# Aim of the exercise:
Reproduce, exactly and only, the lines of the data that follows from the one containing "Versatile: The ankle" down to the one containing "- Εγκατάσταση και", without pictures.

# Records provided:

= = =

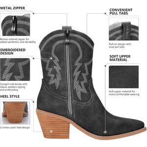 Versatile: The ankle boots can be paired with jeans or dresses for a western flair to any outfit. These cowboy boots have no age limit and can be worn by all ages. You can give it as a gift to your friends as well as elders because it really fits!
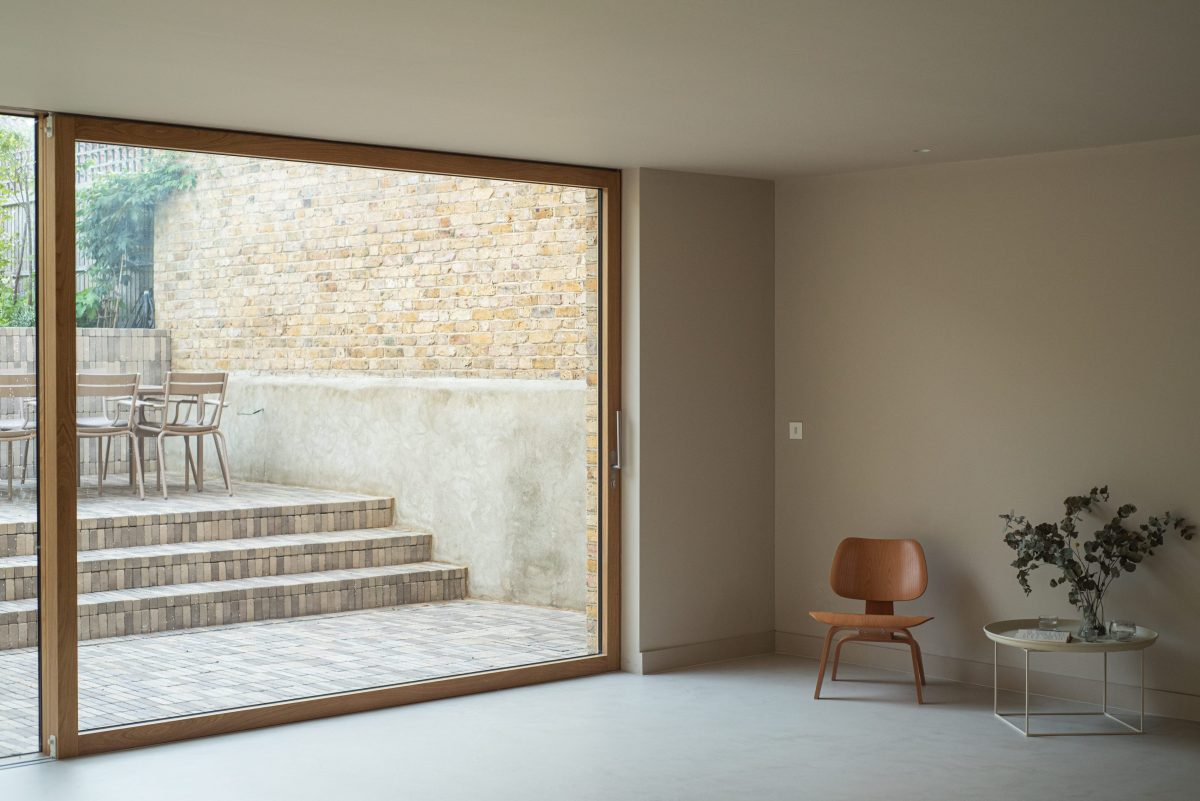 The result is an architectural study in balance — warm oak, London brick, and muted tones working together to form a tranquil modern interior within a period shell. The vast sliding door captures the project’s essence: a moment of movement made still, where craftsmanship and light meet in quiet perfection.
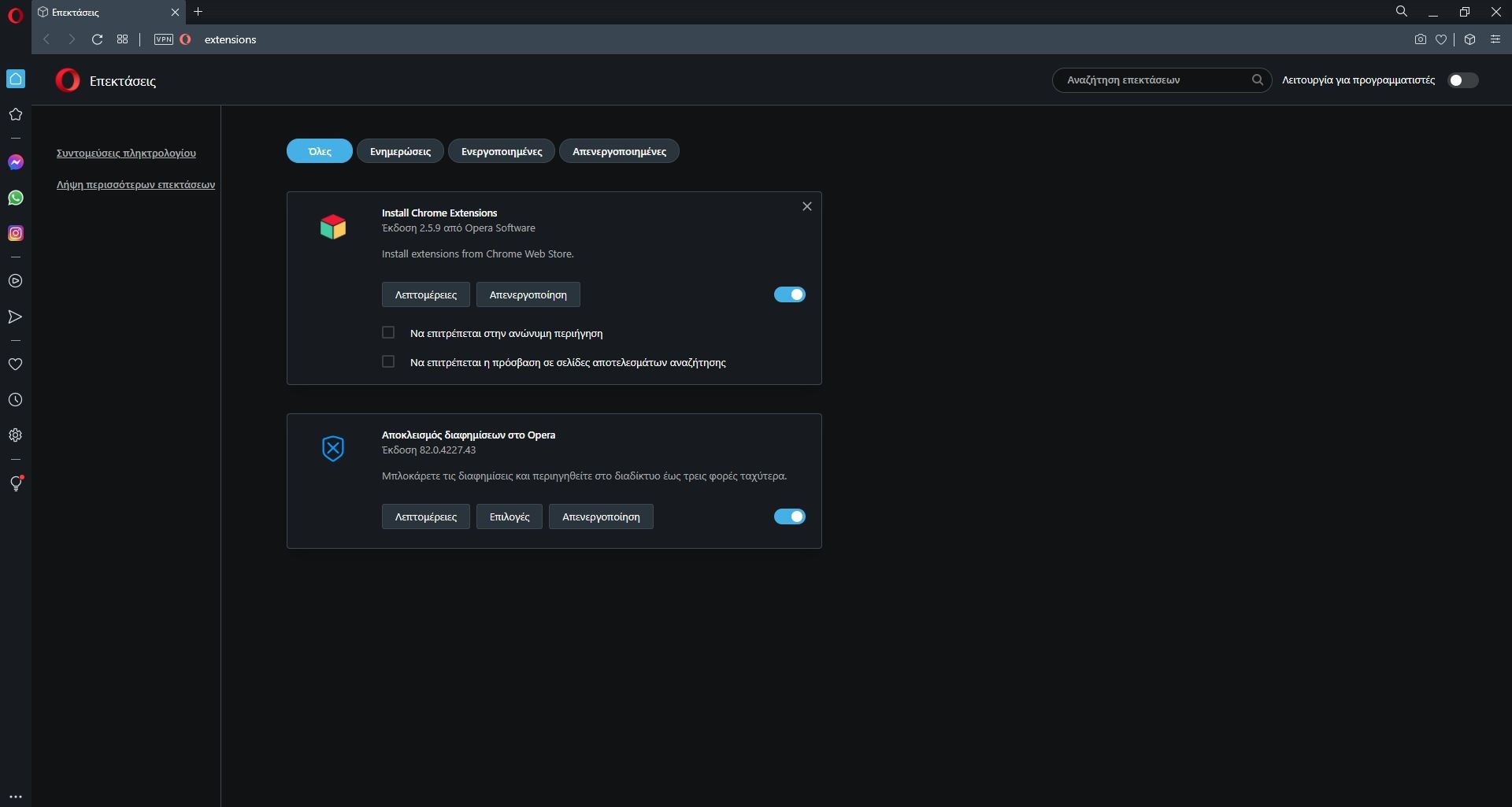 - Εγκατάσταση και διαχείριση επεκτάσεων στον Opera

= = =

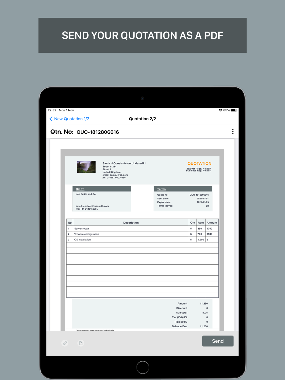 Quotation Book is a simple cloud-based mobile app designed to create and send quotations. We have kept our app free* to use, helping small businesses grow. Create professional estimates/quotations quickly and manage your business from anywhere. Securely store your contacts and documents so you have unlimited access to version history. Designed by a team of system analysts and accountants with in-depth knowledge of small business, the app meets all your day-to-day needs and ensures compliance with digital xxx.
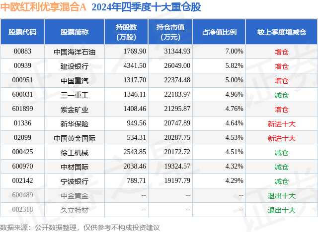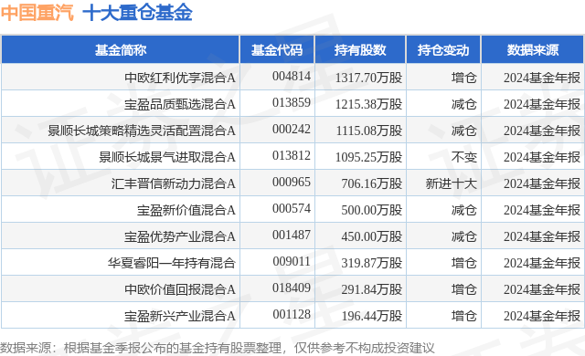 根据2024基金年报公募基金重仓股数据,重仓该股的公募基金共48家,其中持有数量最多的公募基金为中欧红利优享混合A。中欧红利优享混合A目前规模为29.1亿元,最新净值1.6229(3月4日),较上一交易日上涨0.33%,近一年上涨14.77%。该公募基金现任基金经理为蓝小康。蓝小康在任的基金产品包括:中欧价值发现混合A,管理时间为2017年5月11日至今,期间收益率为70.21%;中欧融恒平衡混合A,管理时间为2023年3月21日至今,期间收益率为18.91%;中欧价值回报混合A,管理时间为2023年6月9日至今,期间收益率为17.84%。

= = =

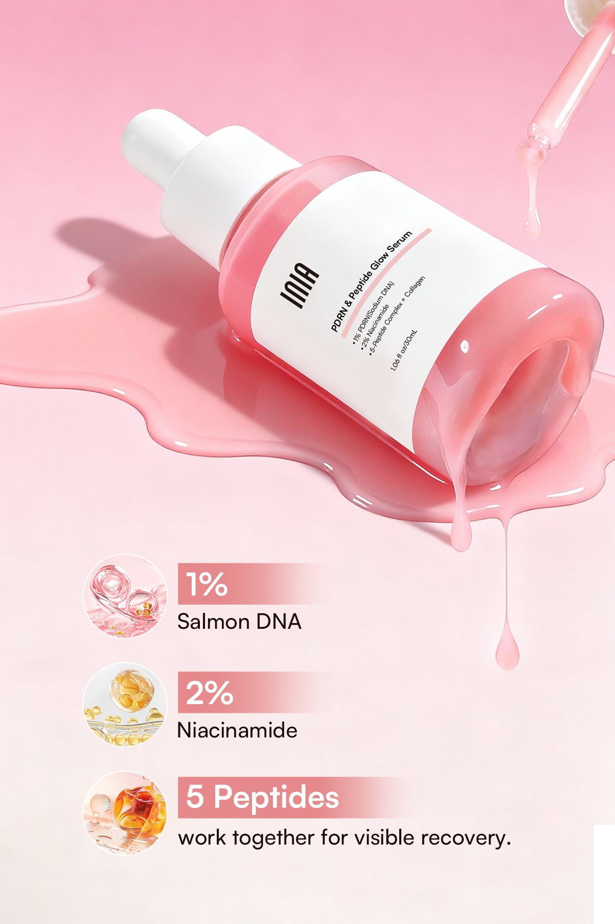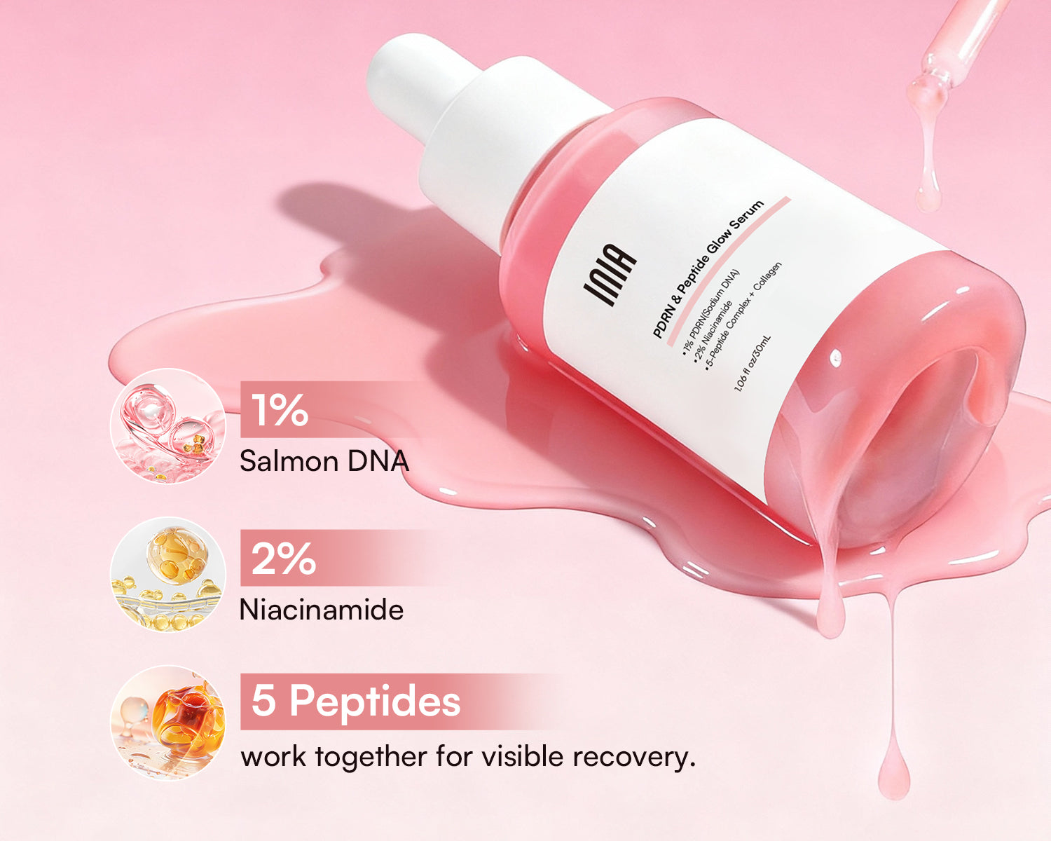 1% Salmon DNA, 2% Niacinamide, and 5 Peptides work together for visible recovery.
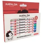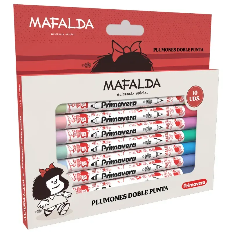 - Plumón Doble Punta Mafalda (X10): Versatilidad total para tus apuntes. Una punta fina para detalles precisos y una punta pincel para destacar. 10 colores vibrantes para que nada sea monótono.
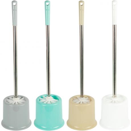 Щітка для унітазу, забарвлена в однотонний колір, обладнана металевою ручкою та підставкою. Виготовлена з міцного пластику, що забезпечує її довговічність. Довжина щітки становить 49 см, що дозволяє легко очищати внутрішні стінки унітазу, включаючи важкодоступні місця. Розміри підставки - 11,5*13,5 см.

= = =

# Problem solution:
 Versatile: The ankle boots can be paired with jeans or dresses for a western flair to any outfit. These cowboy boots have no age limit and can be worn by all ages. You can give it as a gift to your friends as well as elders because it really fits!
 The result is an architectural study in balance — warm oak, London brick, and muted tones working together to form a tranquil modern interior within a period shell. The vast sliding door captures the project’s essence: a moment of movement made still, where craftsmanship and light meet in quiet perfection.
 - Εγκατάσταση και διαχείριση επεκτάσεων στον Opera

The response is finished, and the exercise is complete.